ABSTRACT

South Sudan challenges conventional socio-political analysis on remembrance and forgiveness by advancing the proposition that two concurrent types of socio-political bonds vie for dominance within the multi-ethnic nation-state.(1) Traditional “soft-boundary bonds” unite the nuclear family, with the extended family, the clan, and the ethnic or tribal group, and constitute an intimate community. These bonds represent the total traditional society within which the culture, rules, and regulations govern individual and group behavior in such a manner as to sustain intra-group peace. (2) The second type of bonds are “hard-boundary artificial bonds” that are found in the layers of political and jurisdictional establishments of the modern state: the nation-state, the federal constituent states, and local government which is not embedded within traditional society. Due to the artificial nature of the modern state, “imagined community” has to be learned, and allegiance has to be enforced as they are non-native forms of organization.

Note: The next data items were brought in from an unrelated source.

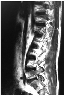 注:L1椎体变扁;T11~T12、L2~T3椎体不同程度双凹变形,其内可见长T1短T2信号,脂肪抑制序列呈高信号;各椎体信号普遍偏低;椎间盘未见异常;脊髓圆锥内未见异常信号影;椎旁软组织无明显肿胀
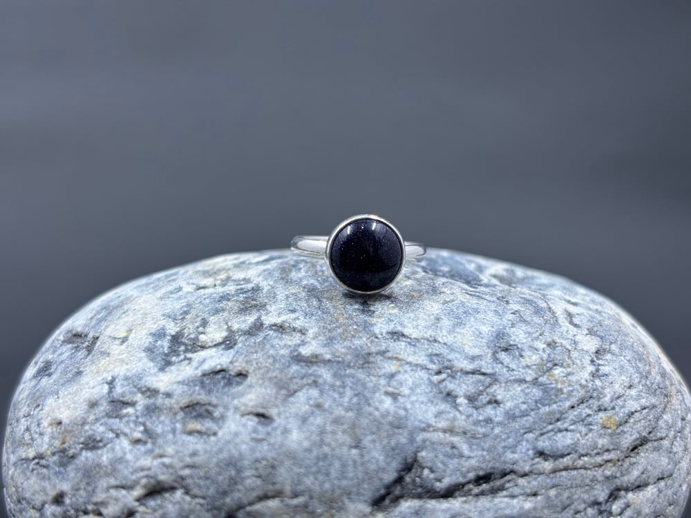 This handmade ring was made with sterling silver (.925) and features a sparkly blue goldstone! Goldstone is a man-made glass material with embedded metal, often copper, which gives it a glittery appearance!
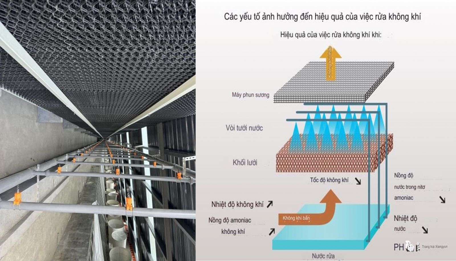 Không khí ô nhiễm được dẫn từ khu vực chăn nuôi qua lưới lọc dạng module, tại đây nó được rửa sạch liên tục bằng dòng nước phun áp lực thấp. Các vòi phun và đường ống được thiết kế tối ưu để đảm bảo phân bố nước đều khắp bề mặt lưới, vừa tăng diện tích tiếp xúc, vừa duy trì hiệu quả làm sạch cao. Ngoài ra, khối lưới còn đóng vai trò phân tán dòng nước thành các giọt mịn, giúp hạn chế thất thoát nước và ngăn chặn hiệu quả việc phát tán giọt mang chất ô nhiễm ra môi trường.
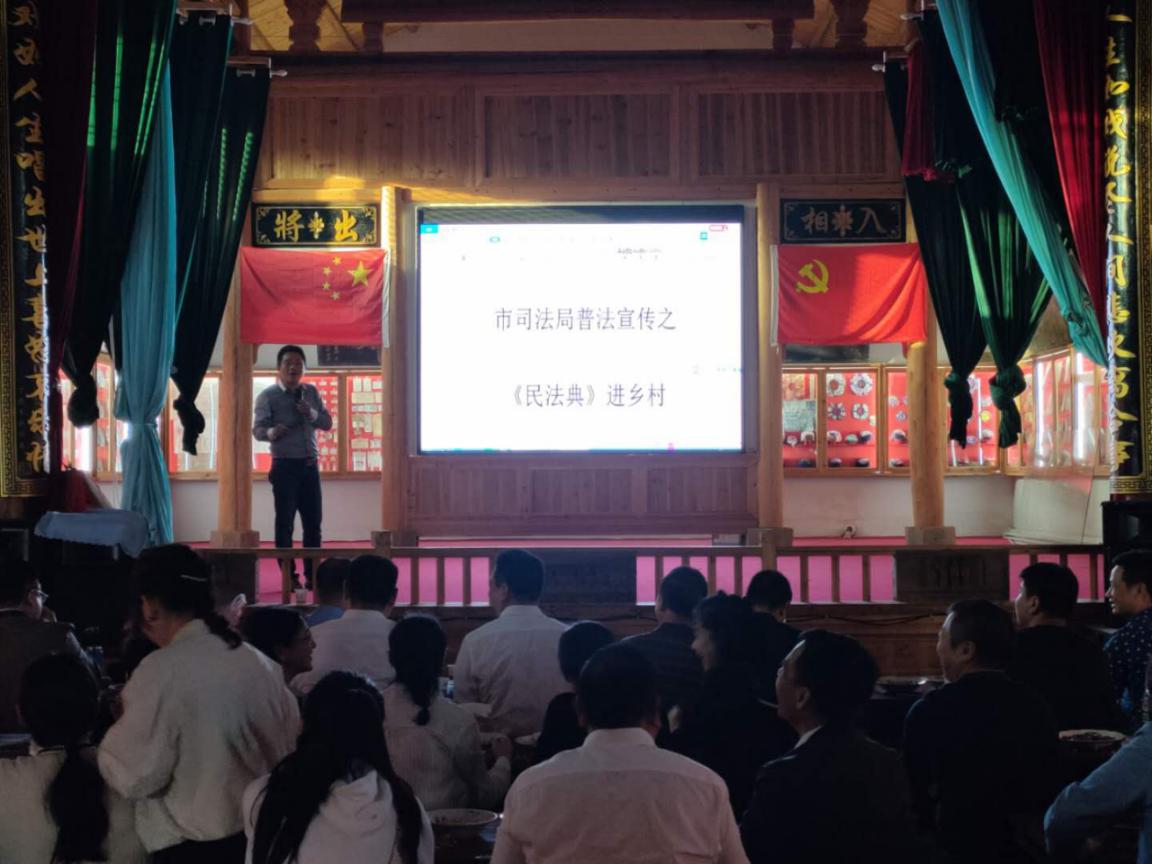 9月24日下午,贵溪市司法局组织机关干部来到泗沥镇王湾村民俗博物馆开展新时代文明实践暨送法进乡村宣传活动,引导广大群众关注、学习、了解民法典。
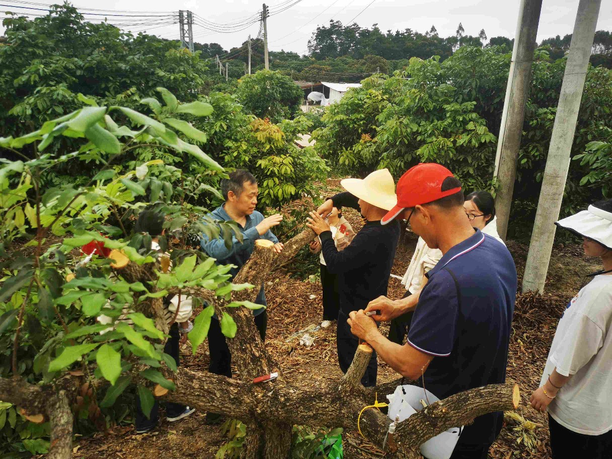 專家和農(nóng)技人員到村里指導(dǎo)龍眼新產(chǎn)品改良嫁接。
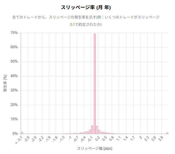 全注文のうち約60%がスリッページ幅0.1pips以内で、ほとんどの注文が±0.3pips以内に収まっています。
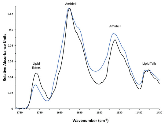 FTIR spectra of hAQP2 reconstituted into heart polar lipids at the target protein/lipid ratio of 2:1 (w/w). hAQP2 expression in P. pastoris was induced at 30 °C (blue trace) and at 20.5 °C (black trace). Characteristic bands are labeled.
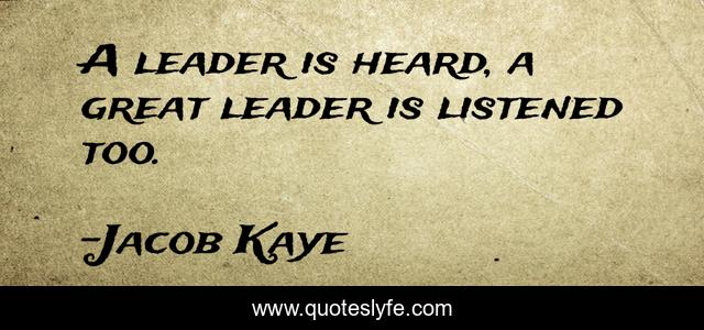 "Jacob Kaye Quotes." Quoteslyfe.com, 2025. Tue. 09 Dec. 2025. <https://www.quoteslyfe.com/quote/A-leader-is-heard-a-great-leader-218563>.
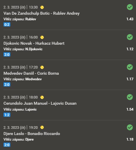 Vypisovat tady jednotlivé tipy ztrácí smysl, ale kurzy se u jednotlivých sázek pohybovaly od 1.12 do 2.21. Na tiketu se nacházely dva fotbaly z rumunské ligy, největší zastoupení měly tenisové utkání, kterých se na tiketu sešlo 18 a všechny byly trefené! Jenže sázející u šesti z nich využil právě jednu z možností uzavření příležitostí anebo cashoutu. Pět tipů bylo na basketbalové utkání, kde byl velice napínaný zápas ze švédské ligy.
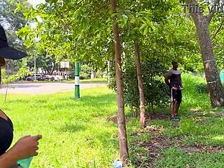 日差しの中のクイックセックスでカーブィーブラネット、巨大腫れ乳、ビッグチンポ、無毛マンコに中出し😍
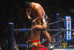 石井逆水平、ロープに振ってショルダースルー、タイガー着地。石井ガットショット、コーナーに振るがタイガー切り返す、石井は自分がバッグを外したターンバックルに背中を強打(左写真)。
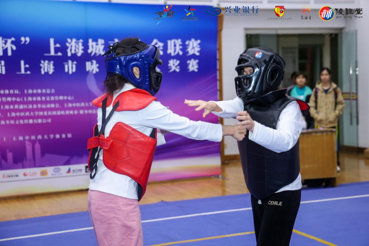 11月8日,2023年“兴业银行杯”上海城市业余联赛“聚咏堂杯”第六届上海市咏春拳大奖赛在上海中医药大学体育中心举行。本次大赛由上海市体育局、上海市体育总会指导,上海市社会体育管理中心(上海市体育竞赛管理中心)主办,上海大咏合体育发展有限公司、上海市黄浦区咏春拳运动协会、上海中医药大学体育部承办,来自复旦大学、上海交通大学、上海应用技术大学、上海第二工业大学、上海中医药大学近50名大学生参赛。本次大赛旨在为沪上大学生提供一个展示咏春拳学习成果和促进咏春拳爱好者沟通交流的平台,上海中医药大学岐黄咏春拳社指导老师王宾、刘佳丽带队参赛。
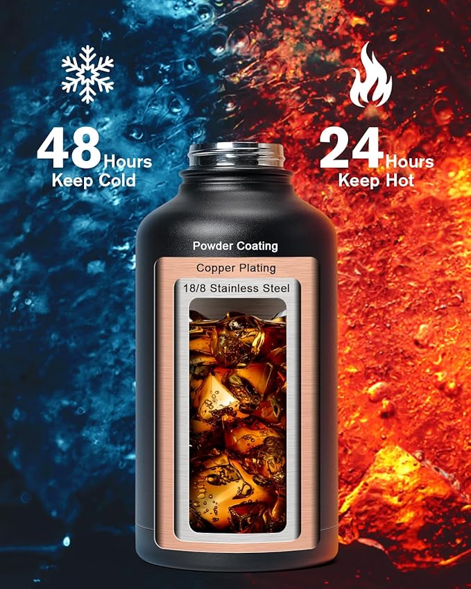 - Cold for 48H & Hot for 24H:Topre 64 oz Half Gallon Insulated Water Bottle features advanced triple-wall vacuum insulation with copper plating, the water flask preserve the freshness and temperature of your drinks throughout the day.
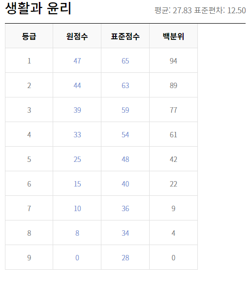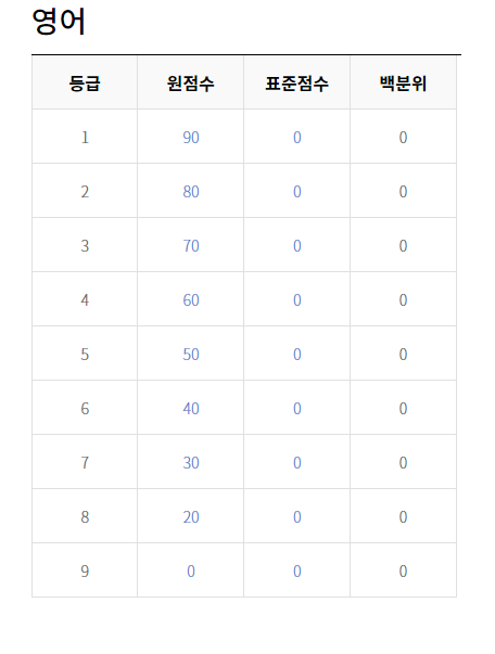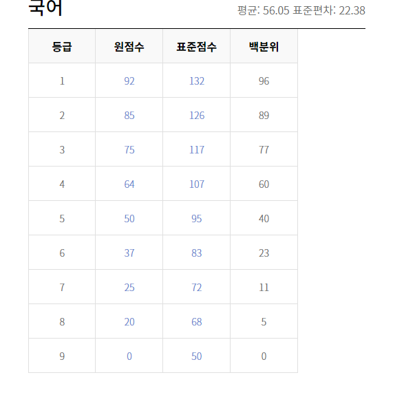 이번 모의고사의 등급컷을 알아보도록 하겠습니다.
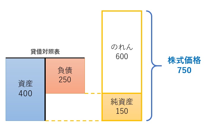 A社は事前調査の結果、純資産が150百万円に対し、のれん600百万円、株式価格750百万円が見込まれていました。今回はこのA社を例に説明しましょう。
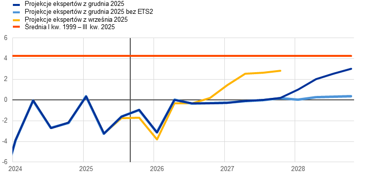 Wpływ nowego systemu ETS2 na stopę inflacji HICP w 2028 wynosi 0,2 pkt proc. Jednak z powodu zaokrągleń projekcja inflacji HICP jest tylko o 0,1 pkt proc. wyższa od stopy z wyłączeniem ETS2.
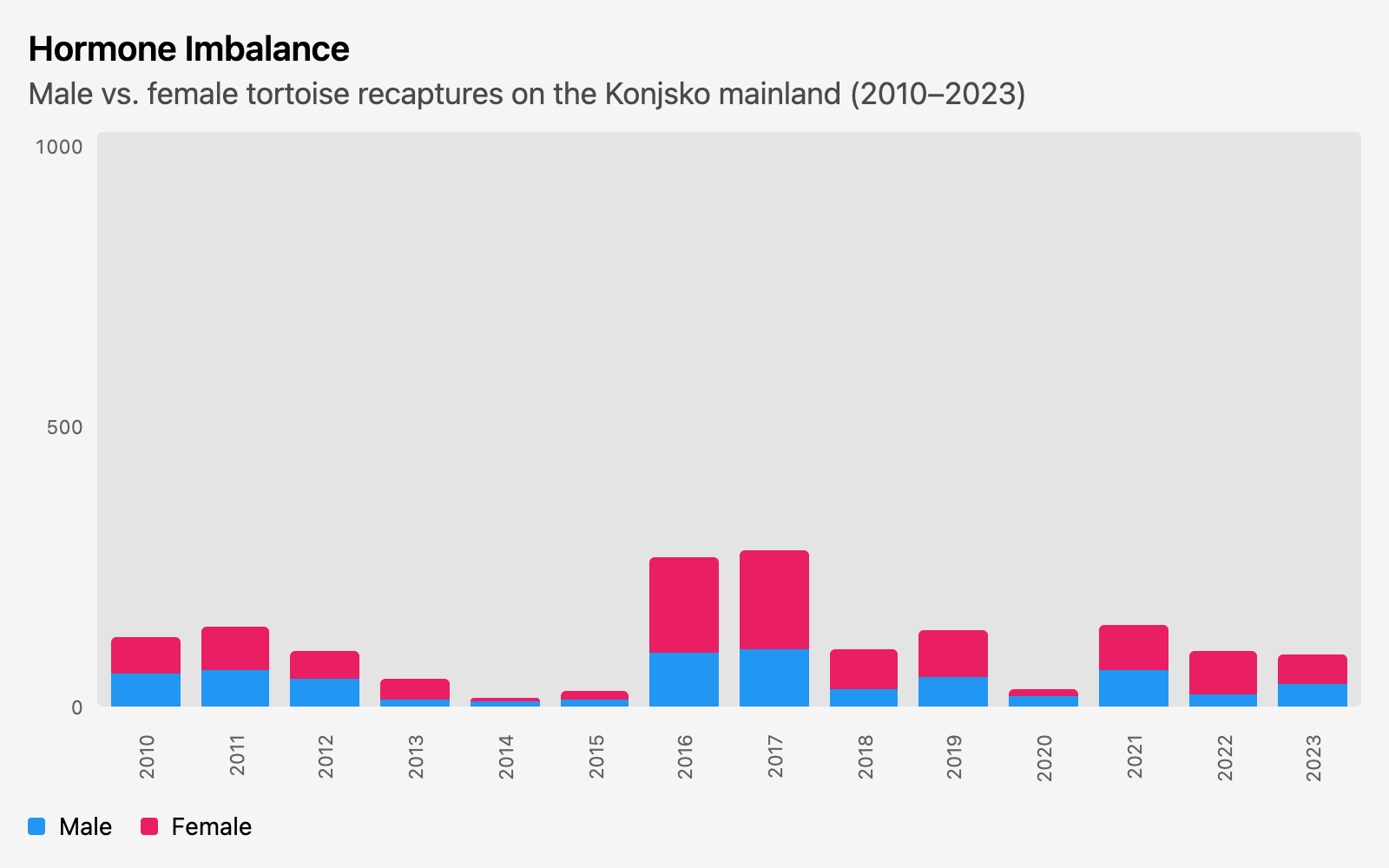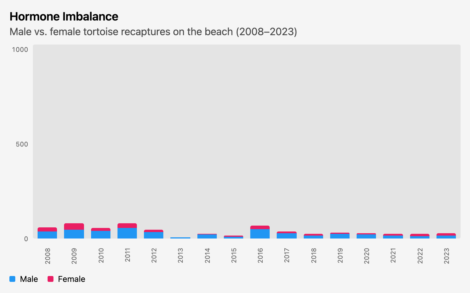 I really spun my tires on this one. Two datasets were provided—one for these recaptures with multiple body condition measurements, and one with clutch size of pregnant females. I wanted to join them since there were two tables with (presumably) a shared key for the individual animals, but the clutch size one only had 53 rows (versus over ten thousand for the other one) and there was even less overlap when I actually joined them. So just looking at the larger table, I tried all sorts of things correlating different measurements over time, by sex, in different locations…most things I tried were too busy or didn’t show much of anything. So finally I came back to this. Just a breakdown by sex, from year to year, run separately for each locality.

The interactions of individuals and groups within these spheres or forms of bonds define the interconnectedness between justice and political and legal accountability. This leads to the question as to whether both remembrance and forgiveness can be conceived and realized in the context of “loose” and “soft” bonds of the modern state, and when the restoration of peace in the modern state is sought amid violence beyond the bounds of traditional authority. The agenda for the restoration of peace is generally better understood in the traditional social bonding, while the modern state relies more heavily on its recognized “monopoly of force,” that is, self-defeating when the protagonists are bonded within their ethnic communities. When the modern state takes over the policing of all human actions, all peace is jeopardized due to its moral emptiness.